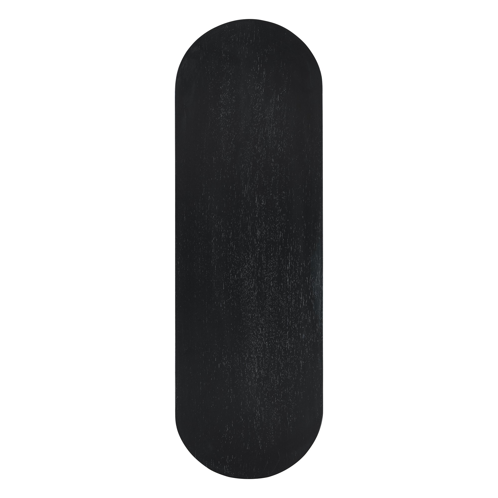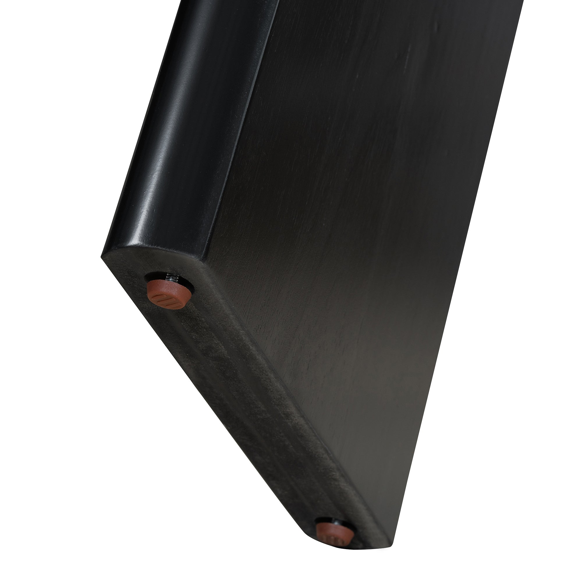 This modern minimalist console table features sleek lines and a unique elegance. The tabletop is rectangular with rounded corners, finished in matte black, exuding style and sophistication. A horizontal support bar between the legs adds structural integrity and visual depth. This console table is a testament to fine craftsmanship, blending quality materials with meticulous attention to detail.
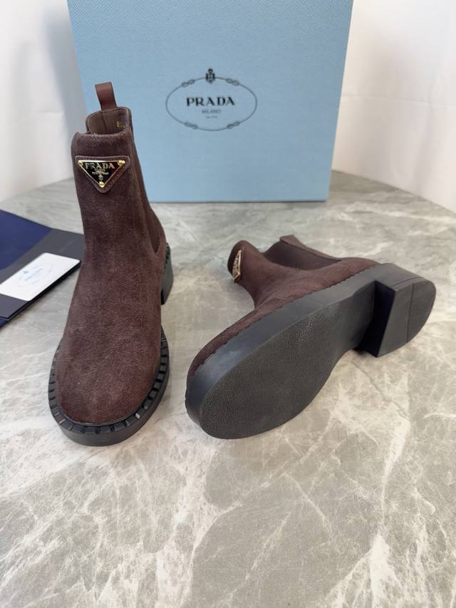 Latest model from Pixnet. Upper: Full-grain cowhide, high-gloss suede. Lining: Wool lining. Insole: Wool insoles. Sole: Original TPU outsole. Features the iconic triangle logo and original packaging. Size: 35-45.
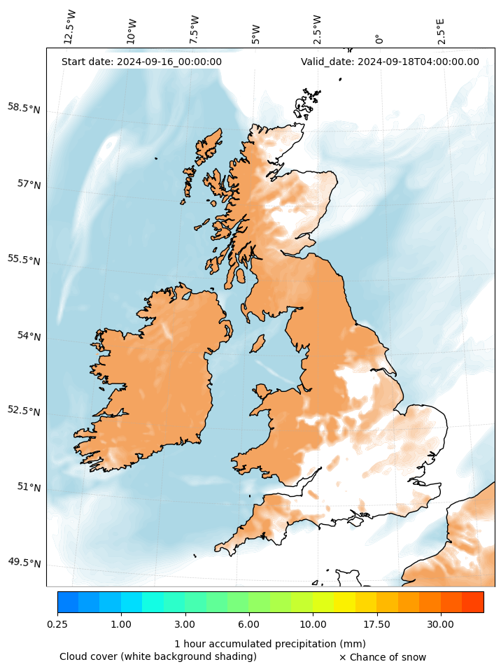 - Snow mixing ratio (g kg¯¹)
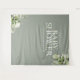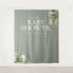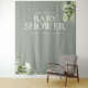 Um pano de fundo elegante para cabine de fotos de chá de bebê, apresentando tipografia moderna e folhagem botânica verde em um fundo verde sálvia neutro em termos de gênero. Criado por Thisisnotme©
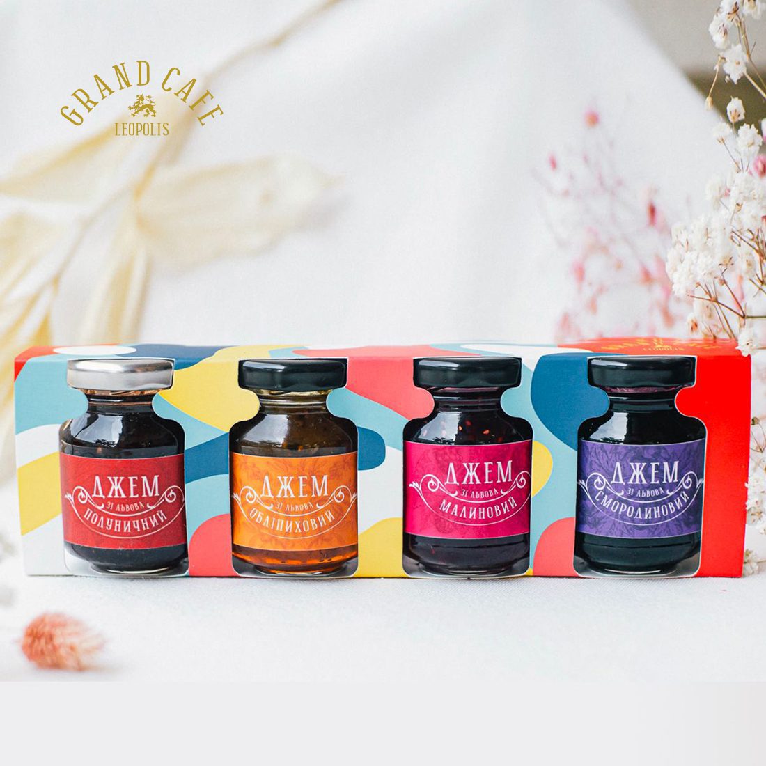Набір із джемів від Grand Cafe Leopolis поєднує в собі яскраву палітру смаків. Навіть примхливий поціновувач ласощів буде в захваті!
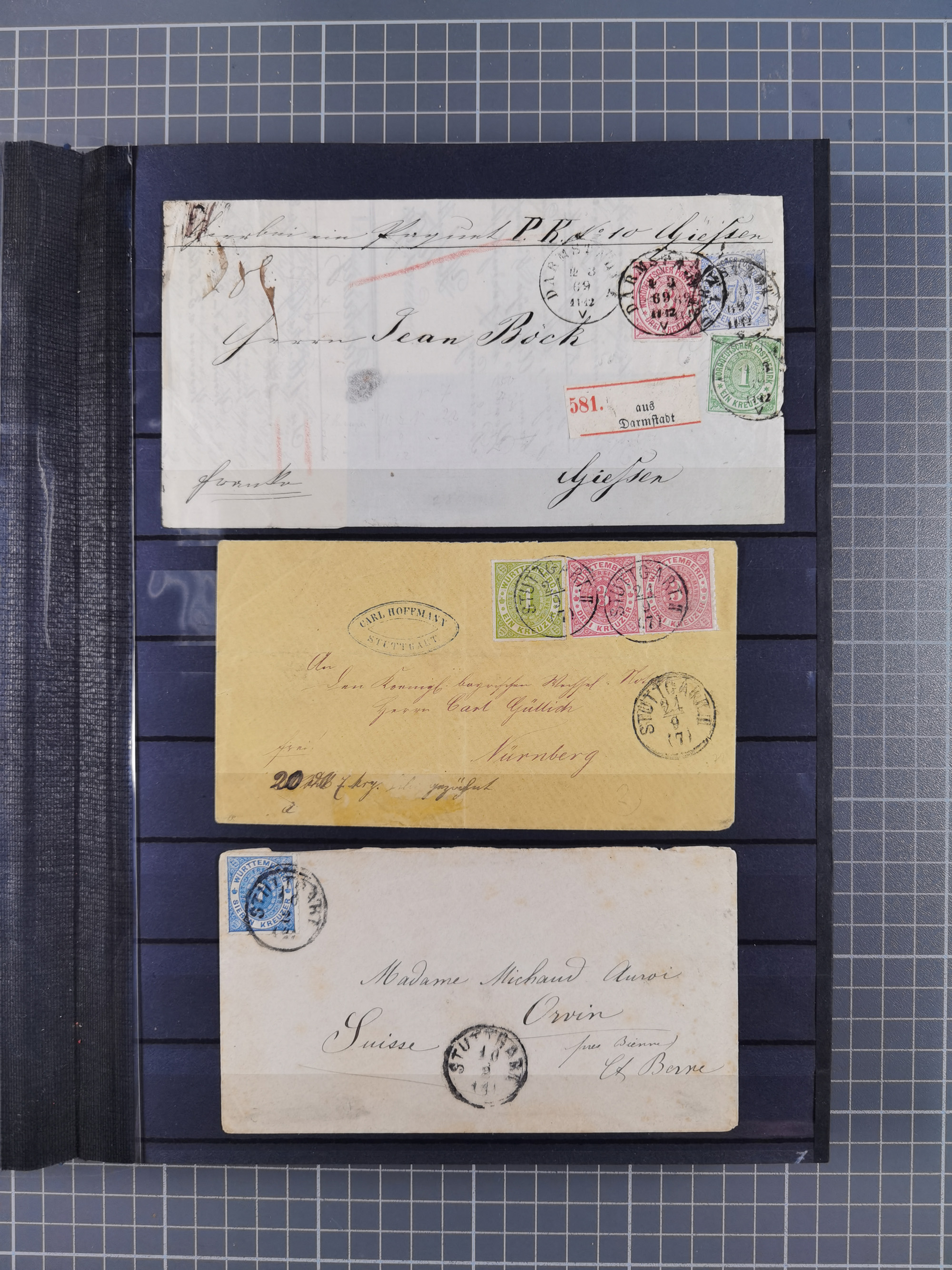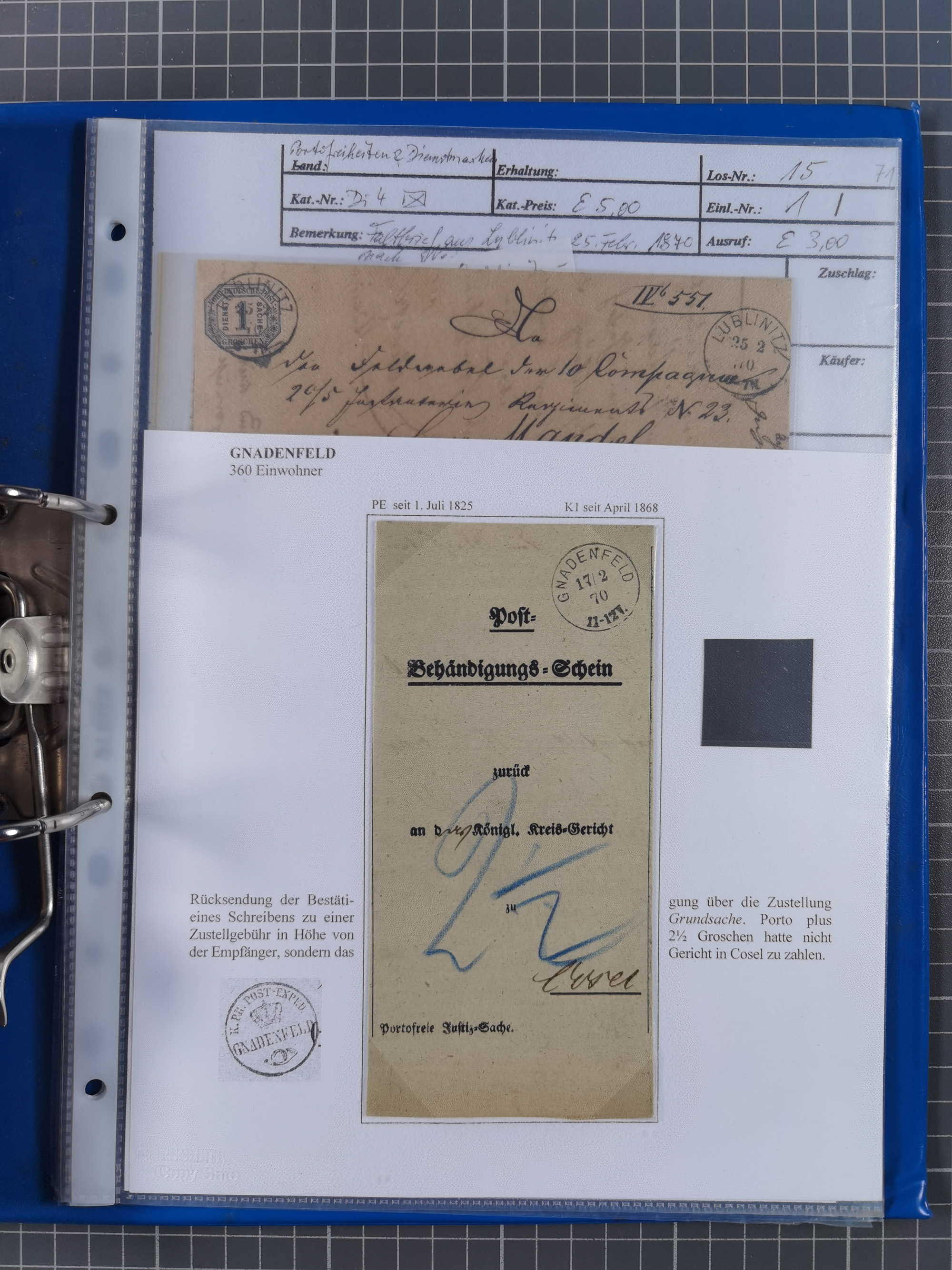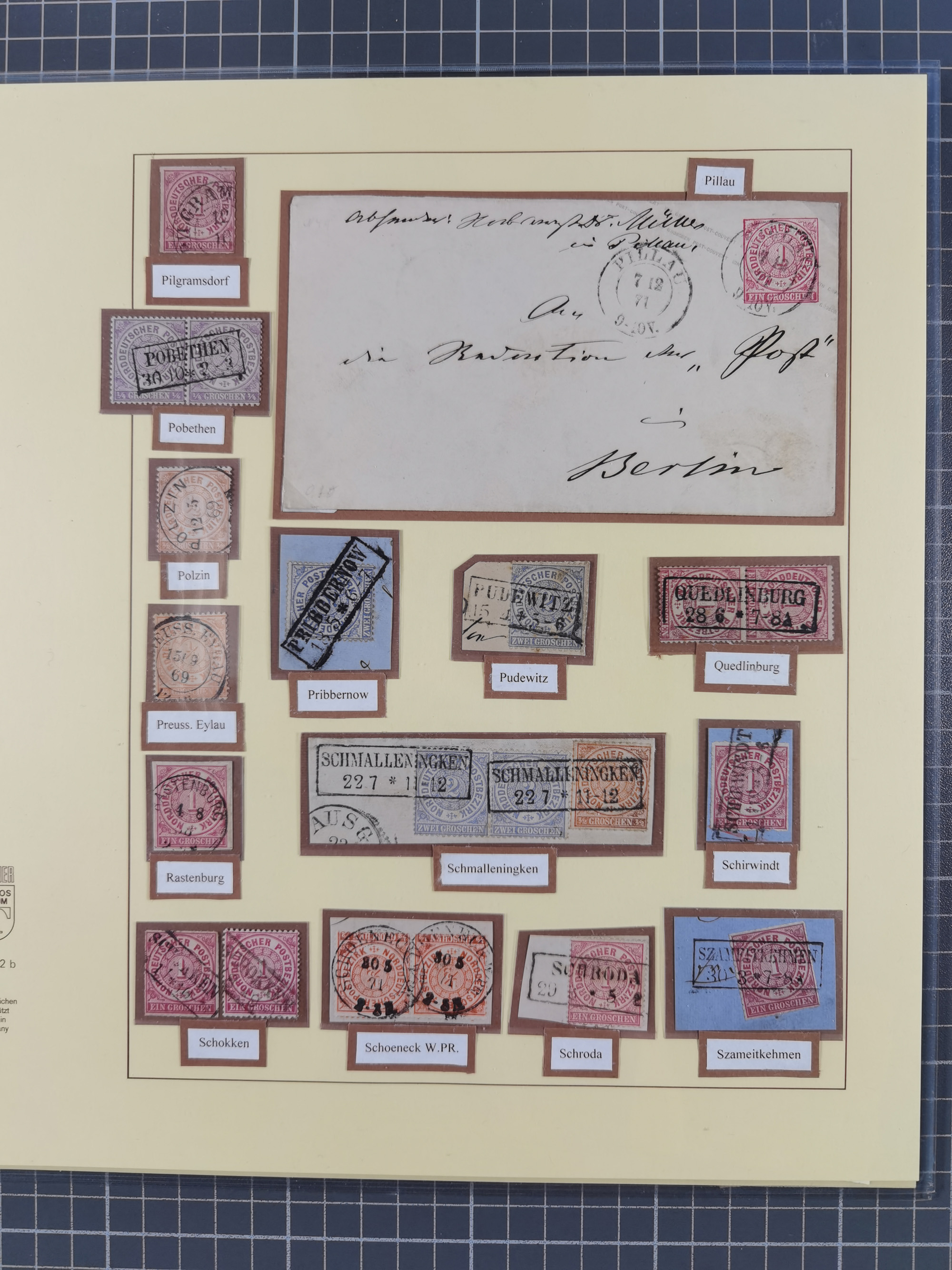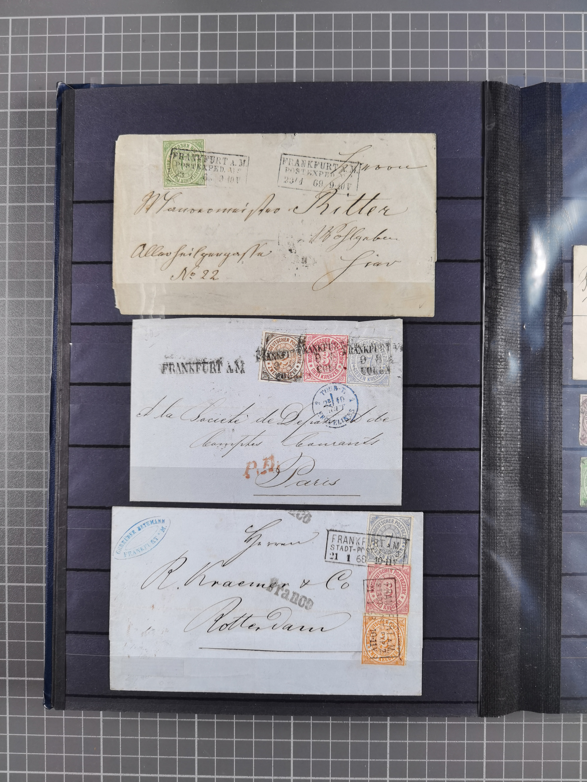1871, DIENSTMARKEN-REICHSPOST-VORLÄUFER, ausstellungsmäßig aufgezogene kleine Spezialsammlung mit insgesamt 18 Belegen sowie einigen losen Marken und Briefstücken, dabei Mehrfachfrankaturen kleiner Groschenwerte, 2 Mischfrankaturen mit Freimarken, 1 Kr. im 3er-Streifen sowie 3 Briefe mit Kreuzer-Frankaturen, dabei 1 + 1+ 3 Kr.

_ _ _ _ _ _ _

Nothing but the lines from the beginning of the material through the line with "- Snow mixing ratio (g kg¯¹)" should appear, printed exactly, with no pictures among them.

 This modern minimalist console table features sleek lines and a unique elegance. The tabletop is rectangular with rounded corners, finished in matte black, exuding style and sophistication. A horizontal support bar between the legs adds structural integrity and visual depth. This console table is a testament to fine craftsmanship, blending quality materials with meticulous attention to detail.
 Latest model from Pixnet. Upper: Full-grain cowhide, high-gloss suede. Lining: Wool lining. Insole: Wool insoles. Sole: Original TPU outsole. Features the iconic triangle logo and original packaging. Size: 35-45.
 - Snow mixing ratio (g kg¯¹)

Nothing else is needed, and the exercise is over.